If you think the recent massive cyber-attacks on Github, Sony, Target and other large organizations were committed by lone hackers working from their bedrooms, it’s time to update your thinking.

Cybercrime is a big business. Exactly how big is anybody’s guess, but it’s now a huge underground economy, essentially a shadow version of our legal economy.

Organized criminals, foreign governments and online gangs are all involved. Online forums now exist that essentially provide marketplaces where the bad guys can easily buy and sell not only stolen data — including credit-card numbers and CVV codes, social security numbers, even mothers’ maiden names — but also related services.

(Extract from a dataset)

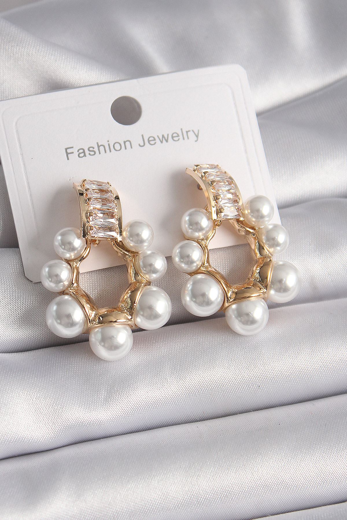 YRTCL Pirinç Gold Renk Zirkon Taşlı Su Yolu İncili Halka Model Kadın Küpe

Need someone to launder your money in Munich, translate your spyware into Korean, or sell stolen data for you in Bangalore? These kinds of criminal services, and many others, are just a click away on this ‘dark’ web of online criminal communities. Some sites even offer educational materials to help criminals learn new, if illegal skills.

“In the past, cybercrime was committed mainly by individuals or small groups,” states the cybercrime site of Interpol, the international criminal policing organization. “Today, we are seeing criminal organizations working with criminally minded technology professionals to commit cybercrime, often to fund other illegal activities. Highly complex, these cybercriminal networks bring together individuals from across the globe in real time to commit crimes on an unprecedented scale.”

Interpol has identified three broad areas of cyber-attack: hardware/software attacks, including bots and malware; financial crime, including online fraud and phishing; and abuse, which includes sexploitation and crimes against children. All are now in the hands of organized cybercrime.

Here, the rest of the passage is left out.